A comparison of fifty-one driven simple harmonic oscillators with differing natural frequencies.
An Introduction to Computer Simulation Methods
Chapter 4 Examples: Oscillations
We explore the behavior of oscillatory systems, including the simple harmonic oscillator, a simple
pendulum, and electrical circuits and we introduce the concept of phase space. We also show how the EJS ODE editor is used to solve arrays of differential
equations.
The following EJS models are described in Chapter 4 of the EJS adaptation of An Introduction to Computer Simulation Methods.
- SHO Solver Comparison The SHO Solver Comparison model solves the simple
harmonic oscillator (SHO) differential equation using various fixed step size solution algorithms. The simulation allows users
to change the step size and uses radio buttons to select the algorithm: Euler, Euler-Richardson, Verlet, and 4th order
Runge-Kutta. The output graph in the main window displays the analytic and numerical solution and the Data Tool can be used to
compare multiple solutions.
- Traveling Wave The Traveling Wave model plots A sin(k x + \omega t) as a
function of t. This wave function has both spatial and temporal oscillatory motion and the model shows how how to plot
such a time-varying function.
- Simple Pendulum The Simple Pendulum model solves the pendulum differential
equation using a 4th order Runge-Kutta algorithm. The model is set up and solved using polar coordinates and the view displays
the pendulum using polar coordinate axes.

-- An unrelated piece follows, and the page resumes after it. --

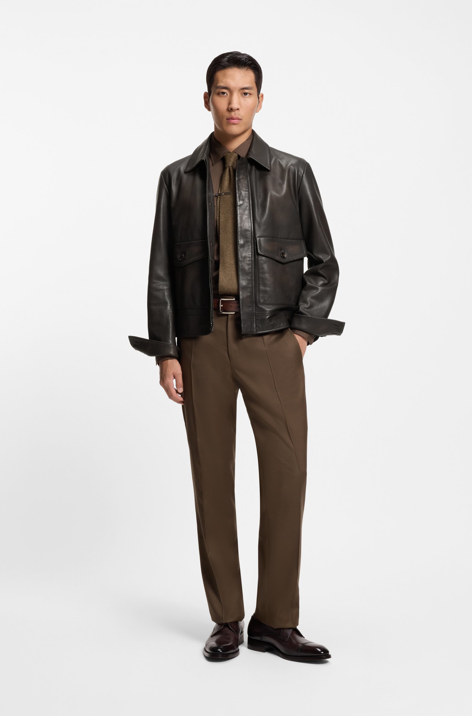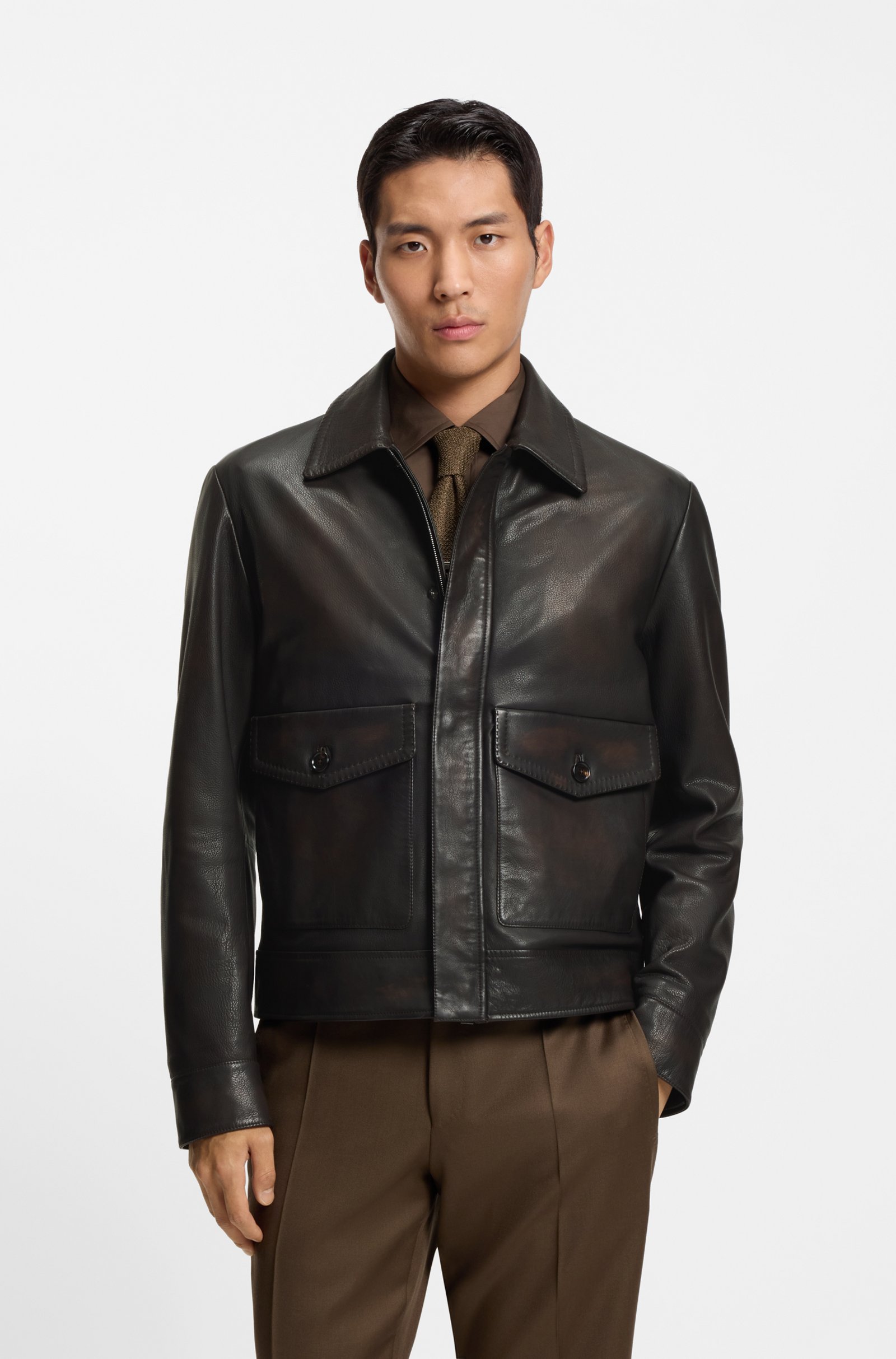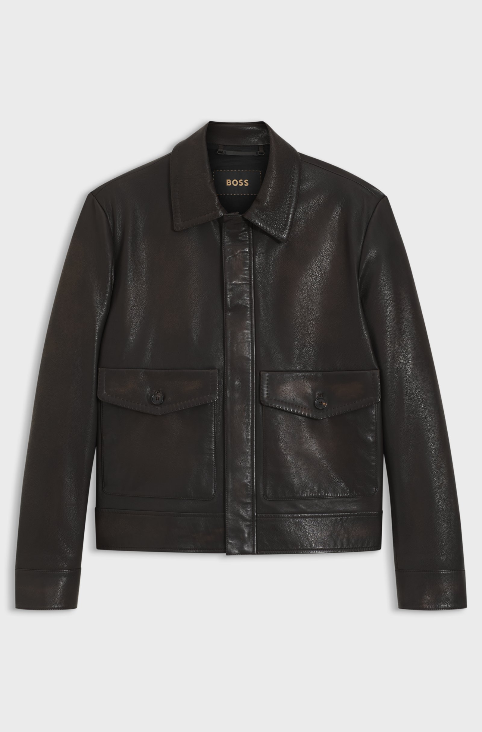 Questo giubbotto stile aviatore BOSS, modello L-Mabor1, è realizzato in nappa di vitello 100% con finitura cerata a mano che conferisce profondità di colore e un aspetto ricco e raffinato. Le cuciture AMF, tipiche della sartoria, sottolineano il livello di dettaglio e donano un tocco tailoring a una giacca ispirata al mondo pilot.

This model also demonstrates how to draw the pendulum using as a group of objects and
how to rotate the group.
- Driven SHO Comparison The Driven SHO Comparison model displays fifty-one
oscillators with different natural frequencies driven by an external force. The oscillator mass increases from left to right in
the multi-oscillator display and the oscillator in the center has a mass of one. All oscillators are driven with a synchronous
external sinusoidal force. The model displays each oscillator as an element of an set and the evolution workpanel for this model
shows how EJS solves arrays of differential equations.
- SHO Frequency Response The SHO Frequency Response model computes a
resonance curve by plotting the SHO steady state amplitude as a function of drive frequency. The ODE solver advances the
dynamical variables for many drive cycles using the Cash-Karp adaptive step algorithm. The simulation then computes the
amplitude of oscillation and increments the frequency in preparation for the next evolution step.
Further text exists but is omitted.